# What to do:
Word for word, copy the lines from the one with "La IPK es el" to the last line of the data below, counting both, and keep every picture out.

# Stored data:
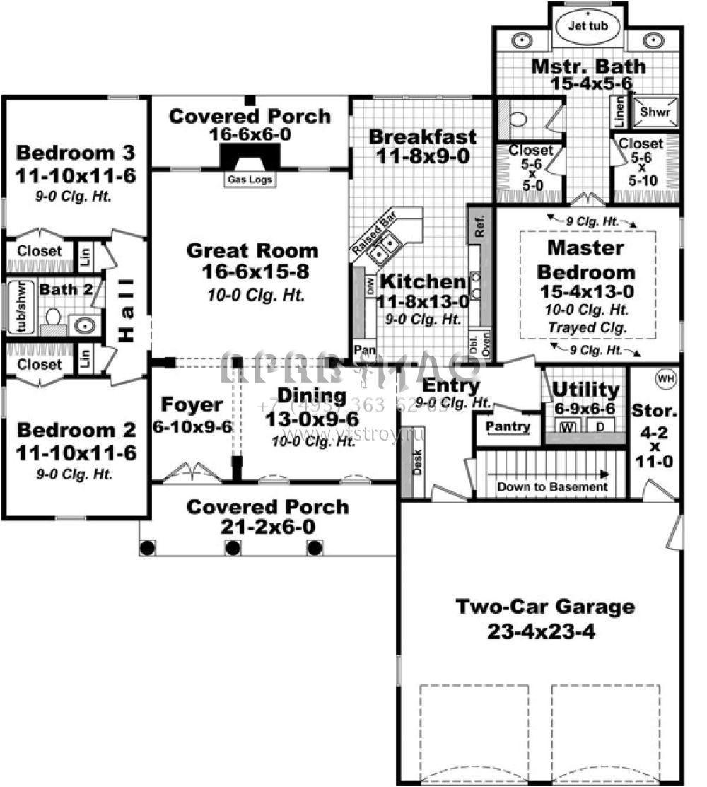 Проект одноэтажного дома с гаражом на две машины в стиле Ранчо S5-171 (348-00235)
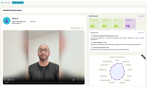 La IPK es el nuevo estándar de Interfell para presentar talento, de forma rápida, profunda y comparable. Al integrar resumen ejecutivo + insights IA, se reduce el tiempo de decisión, mejora la calidad de las contrataciones y se alinea el proceso con los resultados del negocio.
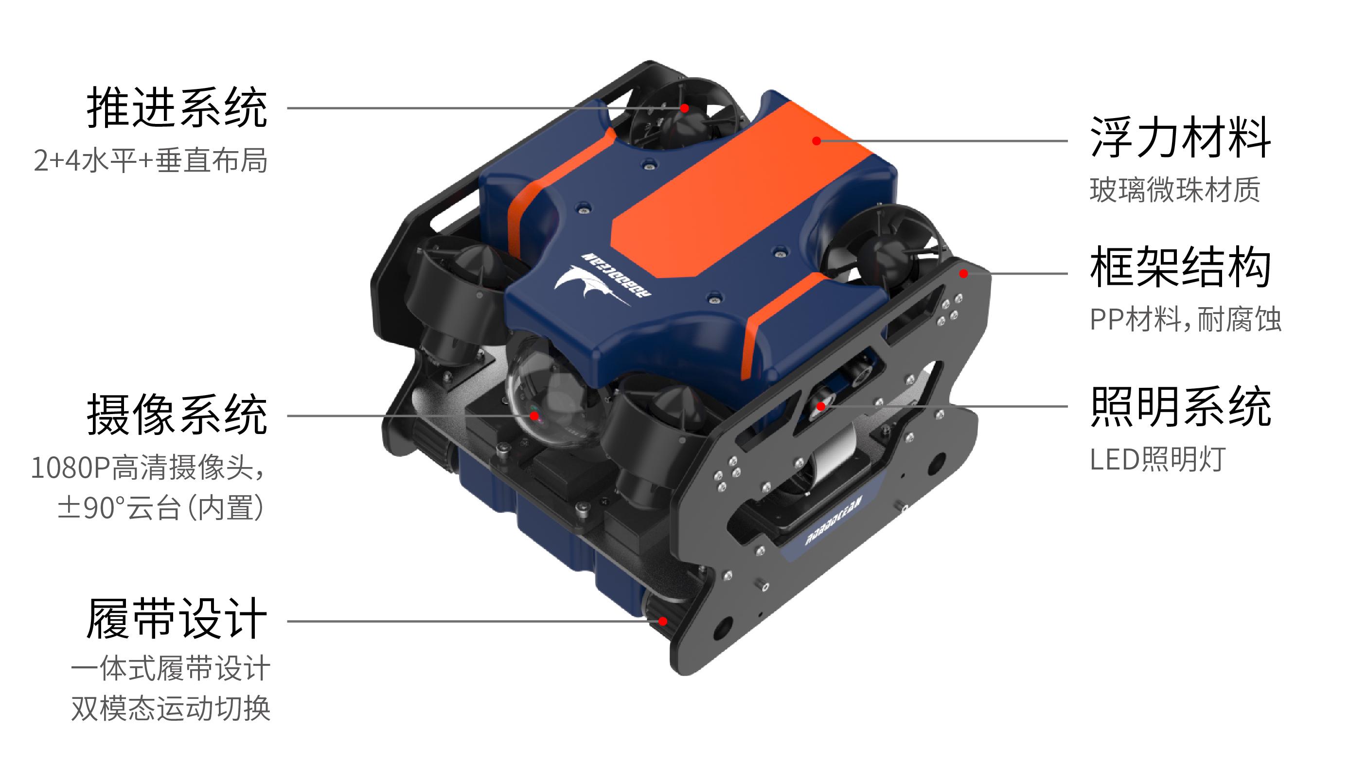 A-30是一款小型履帶式檢測(cè)機(jī)器人,整機(jī)采用一體化設(shè)計(jì),在小型觀測(cè)級(jí)機(jī)器人水中進(jìn)退、升沉、轉(zhuǎn)艏、俯仰、橫滾等自由度靈活運(yùn)動(dòng)能力的基礎(chǔ)上,增添水中側(cè)翻、側(cè)壁爬行等履帶爬行能力。機(jī)器人兼容直線追蹤系統(tǒng),非常適用于水池焊縫檢測(cè)等狹小空間貼壁檢測(cè)作業(yè)。

# Response:
 La IPK es el nuevo estándar de Interfell para presentar talento, de forma rápida, profunda y comparable. Al integrar resumen ejecutivo + insights IA, se reduce el tiempo de decisión, mejora la calidad de las contrataciones y se alinea el proceso con los resultados del negocio.
 A-30是一款小型履帶式檢測(cè)機(jī)器人,整機(jī)采用一體化設(shè)計(jì),在小型觀測(cè)級(jí)機(jī)器人水中進(jìn)退、升沉、轉(zhuǎn)艏、俯仰、橫滾等自由度靈活運(yùn)動(dòng)能力的基礎(chǔ)上,增添水中側(cè)翻、側(cè)壁爬行等履帶爬行能力。機(jī)器人兼容直線追蹤系統(tǒng),非常適用于水池焊縫檢測(cè)等狹小空間貼壁檢測(cè)作業(yè)。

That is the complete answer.